Task objective » Leave out the pictures and retype, exactly, the lines below from the line with "A Dell Optiplex" up to and including the line with "14Pcs Car White", nothing more.

Given records »
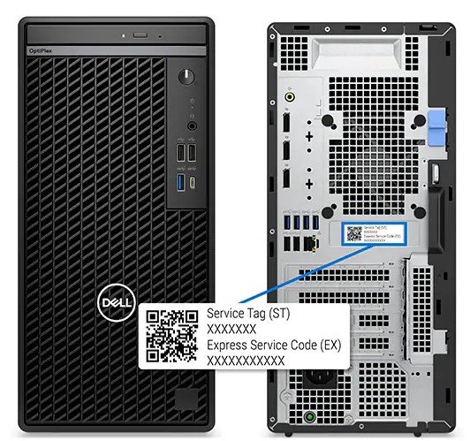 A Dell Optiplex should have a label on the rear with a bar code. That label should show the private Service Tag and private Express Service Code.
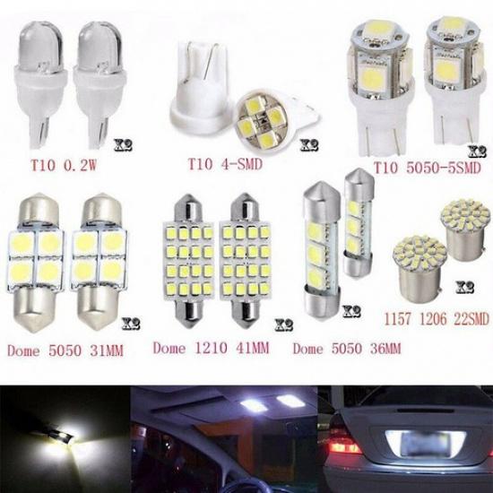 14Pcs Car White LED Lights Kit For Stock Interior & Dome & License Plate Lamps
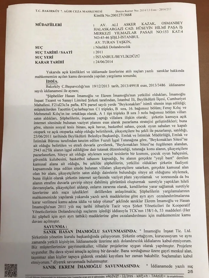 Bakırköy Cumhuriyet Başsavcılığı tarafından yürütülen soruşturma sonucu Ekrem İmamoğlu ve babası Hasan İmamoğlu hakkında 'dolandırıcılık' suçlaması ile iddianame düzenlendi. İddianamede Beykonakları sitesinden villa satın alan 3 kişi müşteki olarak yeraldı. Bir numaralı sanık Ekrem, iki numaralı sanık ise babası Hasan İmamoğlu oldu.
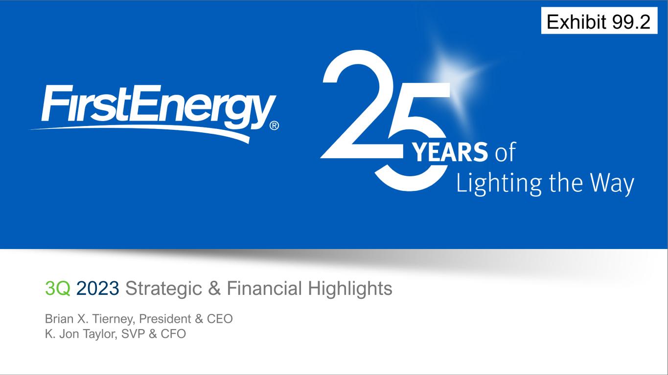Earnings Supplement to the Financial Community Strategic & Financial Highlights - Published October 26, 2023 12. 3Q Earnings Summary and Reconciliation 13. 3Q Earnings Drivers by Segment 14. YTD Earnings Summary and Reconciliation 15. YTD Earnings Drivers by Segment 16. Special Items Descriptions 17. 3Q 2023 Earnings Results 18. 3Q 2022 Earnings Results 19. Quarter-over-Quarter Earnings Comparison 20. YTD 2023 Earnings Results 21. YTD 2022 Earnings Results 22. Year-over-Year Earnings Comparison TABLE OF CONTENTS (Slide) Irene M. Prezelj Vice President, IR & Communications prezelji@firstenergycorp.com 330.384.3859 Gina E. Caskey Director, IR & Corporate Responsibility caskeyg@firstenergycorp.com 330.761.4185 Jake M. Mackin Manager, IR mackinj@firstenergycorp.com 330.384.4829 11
==
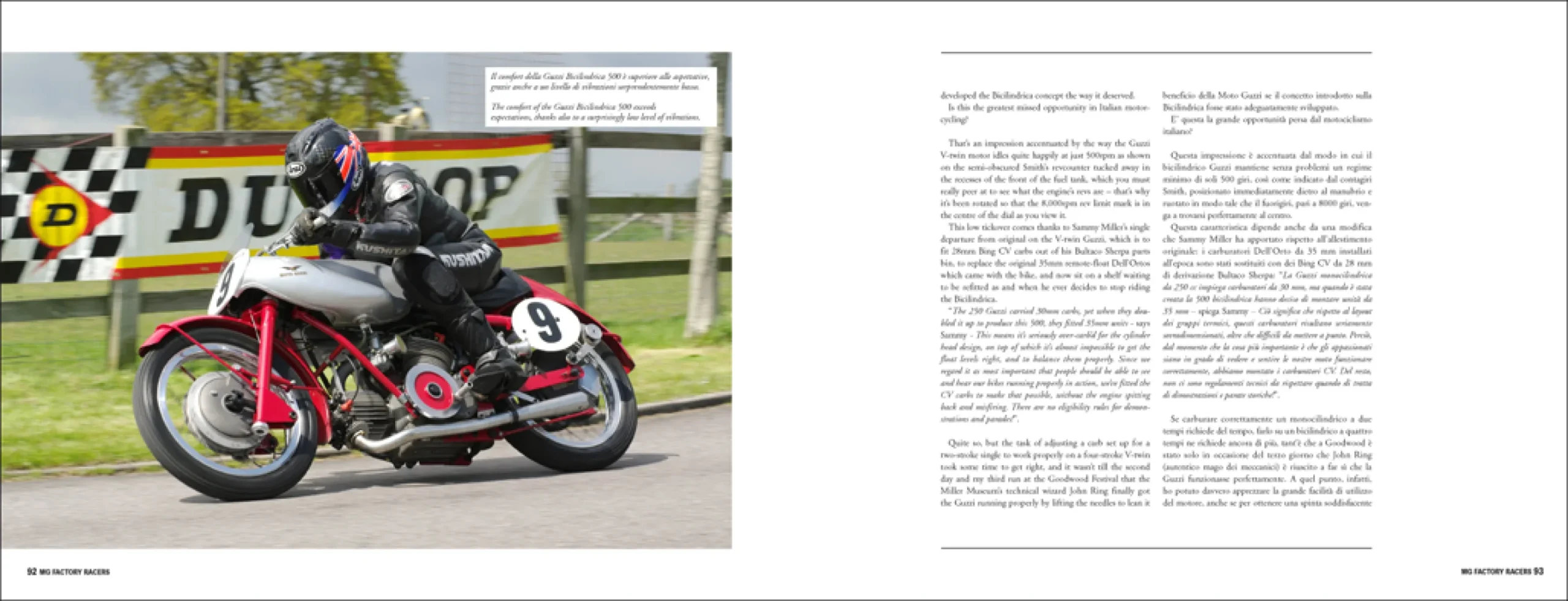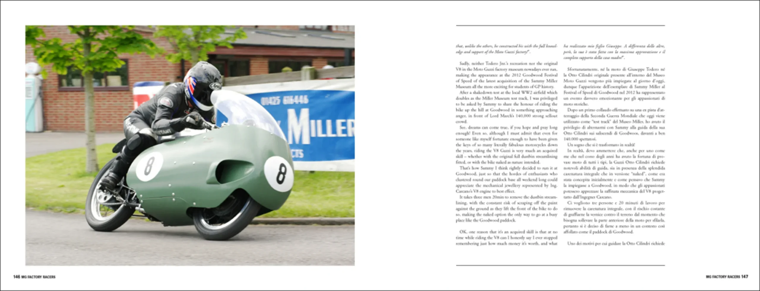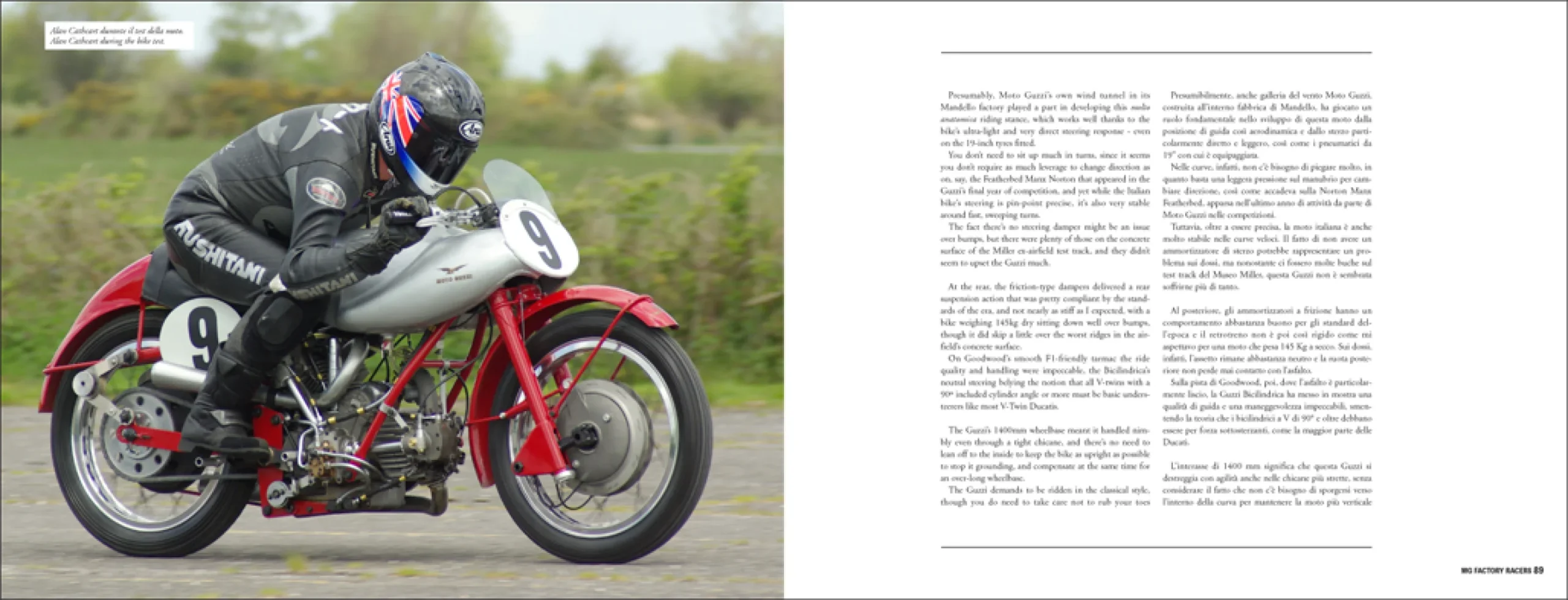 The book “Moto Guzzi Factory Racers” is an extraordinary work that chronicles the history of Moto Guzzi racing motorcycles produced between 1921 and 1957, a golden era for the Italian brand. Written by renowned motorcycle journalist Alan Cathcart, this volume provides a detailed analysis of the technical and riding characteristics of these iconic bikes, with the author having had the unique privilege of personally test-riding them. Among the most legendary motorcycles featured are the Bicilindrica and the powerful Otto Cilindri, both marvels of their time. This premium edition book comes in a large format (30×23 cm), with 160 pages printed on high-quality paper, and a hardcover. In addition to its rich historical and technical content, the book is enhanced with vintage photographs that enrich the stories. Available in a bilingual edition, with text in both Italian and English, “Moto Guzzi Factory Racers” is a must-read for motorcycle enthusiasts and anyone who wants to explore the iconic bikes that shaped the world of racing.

Reply to the task »
 A Dell Optiplex should have a label on the rear with a bar code. That label should show the private Service Tag and private Express Service Code.
 14Pcs Car White LED Lights Kit For Stock Interior & Dome & License Plate Lamps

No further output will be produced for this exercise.